### EXCERPTED DATA
+ + + + + + +
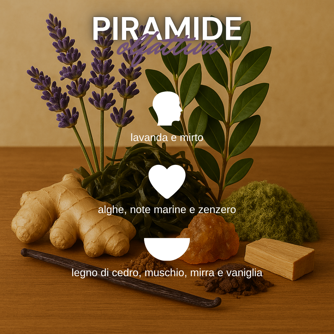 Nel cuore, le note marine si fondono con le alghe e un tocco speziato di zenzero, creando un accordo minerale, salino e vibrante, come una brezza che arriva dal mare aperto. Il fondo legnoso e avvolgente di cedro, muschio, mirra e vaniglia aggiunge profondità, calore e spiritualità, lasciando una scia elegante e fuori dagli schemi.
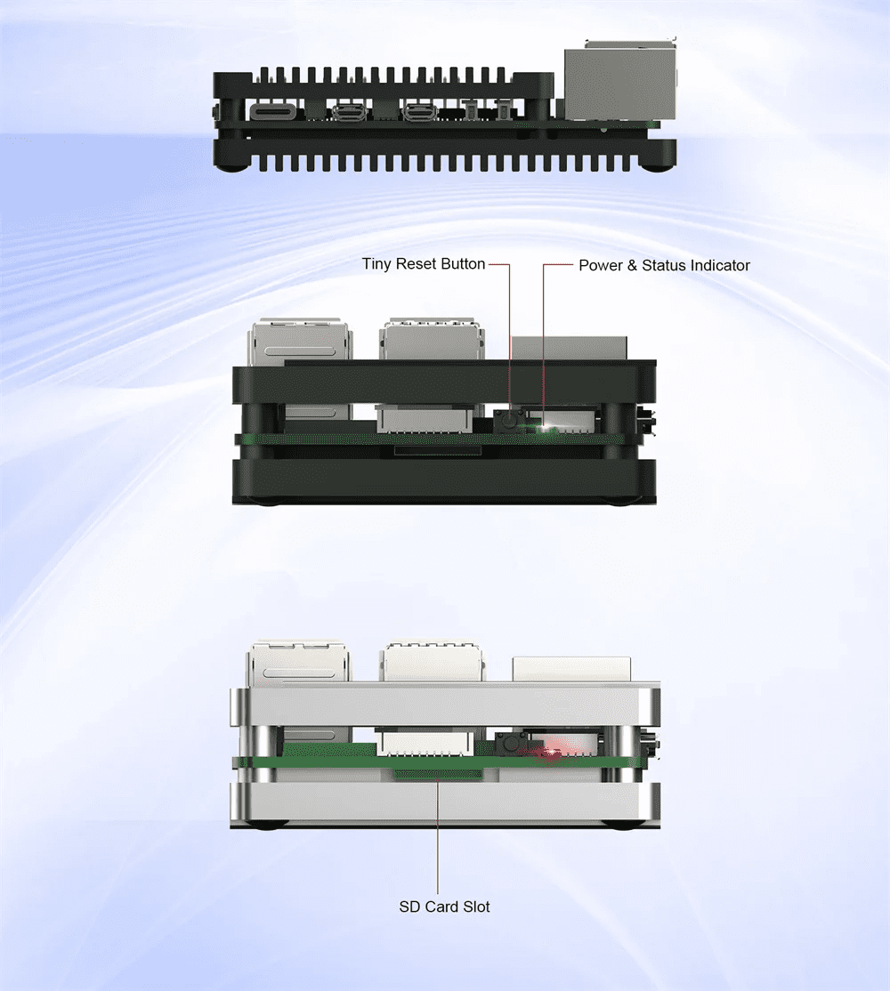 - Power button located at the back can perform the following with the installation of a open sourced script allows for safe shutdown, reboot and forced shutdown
+ + + + + + +
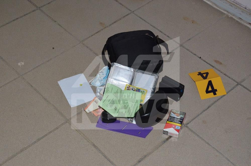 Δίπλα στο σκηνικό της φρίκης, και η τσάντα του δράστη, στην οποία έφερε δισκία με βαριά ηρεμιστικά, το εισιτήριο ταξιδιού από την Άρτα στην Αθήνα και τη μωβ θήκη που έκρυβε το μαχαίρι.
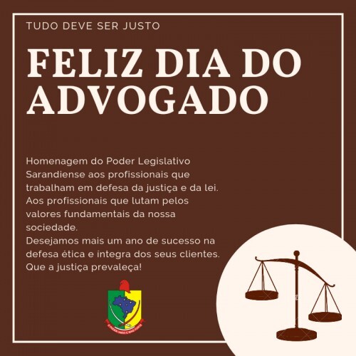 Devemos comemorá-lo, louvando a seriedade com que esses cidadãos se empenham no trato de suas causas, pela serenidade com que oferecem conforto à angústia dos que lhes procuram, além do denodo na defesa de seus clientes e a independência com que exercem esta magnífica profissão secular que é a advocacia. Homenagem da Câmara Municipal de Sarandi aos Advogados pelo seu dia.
+ + + + + + +
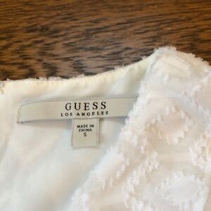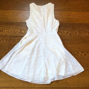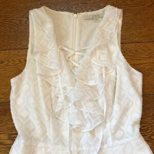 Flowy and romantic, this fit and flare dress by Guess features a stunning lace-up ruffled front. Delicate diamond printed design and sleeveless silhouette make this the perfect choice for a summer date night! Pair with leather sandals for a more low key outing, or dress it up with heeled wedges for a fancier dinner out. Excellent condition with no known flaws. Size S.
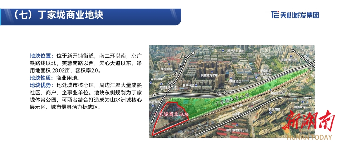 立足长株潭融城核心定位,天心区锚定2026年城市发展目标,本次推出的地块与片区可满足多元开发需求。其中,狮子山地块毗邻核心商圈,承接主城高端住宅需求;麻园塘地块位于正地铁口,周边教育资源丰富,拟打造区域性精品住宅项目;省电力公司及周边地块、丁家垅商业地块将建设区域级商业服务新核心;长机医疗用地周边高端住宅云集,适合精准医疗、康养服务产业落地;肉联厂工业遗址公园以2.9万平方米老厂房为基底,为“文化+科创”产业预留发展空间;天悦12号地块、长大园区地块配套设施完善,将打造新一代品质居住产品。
+ + + + + + +
### TASK DIRECTIONS
Nothing but the lines from the one containing "Nel cuore, le" through the one containing "- Power button" should appear, copied exactly from the material above and without pictures.

### TASK RESULT
 Nel cuore, le note marine si fondono con le alghe e un tocco speziato di zenzero, creando un accordo minerale, salino e vibrante, come una brezza che arriva dal mare aperto. Il fondo legnoso e avvolgente di cedro, muschio, mirra e vaniglia aggiunge profondità, calore e spiritualità, lasciando una scia elegante e fuori dagli schemi.
 - Power button located at the back can perform the following with the installation of a open sourced script allows for safe shutdown, reboot and forced shutdown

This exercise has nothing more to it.